* _PROBLEM STATEMENT_
Reproduce the data exactly and drop any pictures it holds.

* _SUPPLIED MATERIAL_
_ _ _

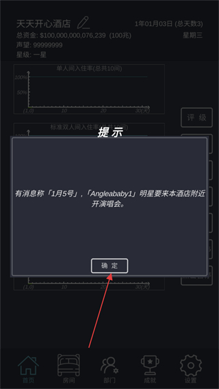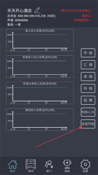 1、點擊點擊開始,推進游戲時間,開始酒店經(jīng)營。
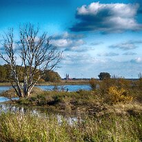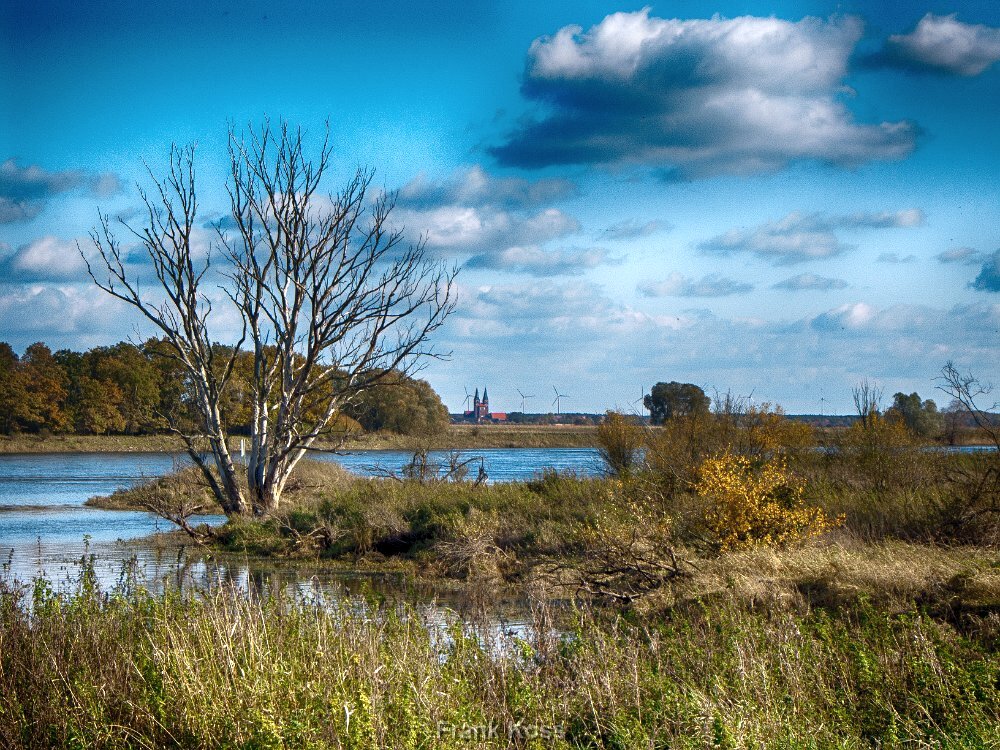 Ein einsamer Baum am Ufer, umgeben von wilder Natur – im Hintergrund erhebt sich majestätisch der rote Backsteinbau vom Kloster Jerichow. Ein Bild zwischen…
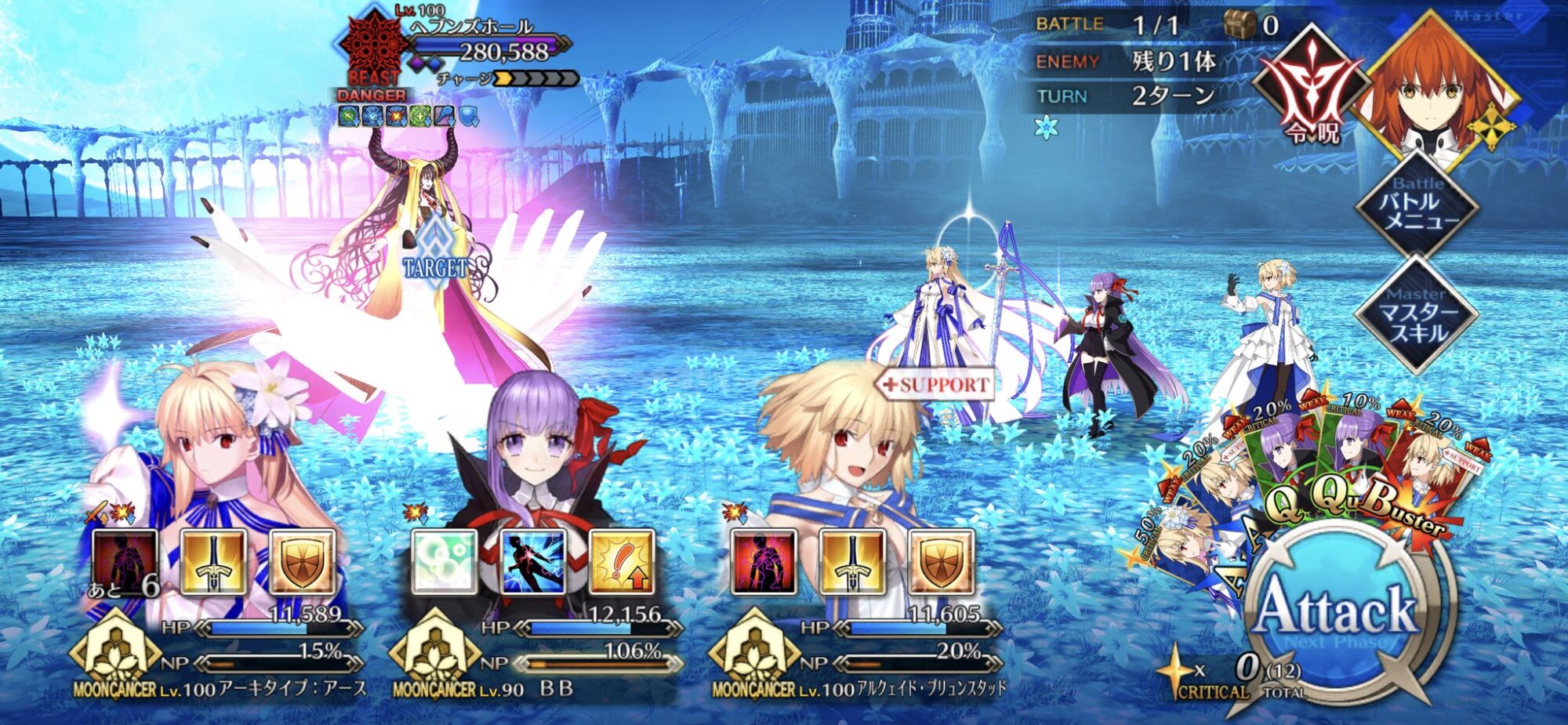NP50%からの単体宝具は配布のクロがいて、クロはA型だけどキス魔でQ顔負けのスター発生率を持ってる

_ _ _

* _ANSWER TO THE EXERCISE_
 1、點擊點擊開始,推進游戲時間,開始酒店經(jīng)營。
 Ein einsamer Baum am Ufer, umgeben von wilder Natur – im Hintergrund erhebt sich majestätisch der rote Backsteinbau vom Kloster Jerichow. Ein Bild zwischen…
NP50%からの単体宝具は配布のクロがいて、クロはA型だけどキス魔でQ顔負けのスター発生率を持ってる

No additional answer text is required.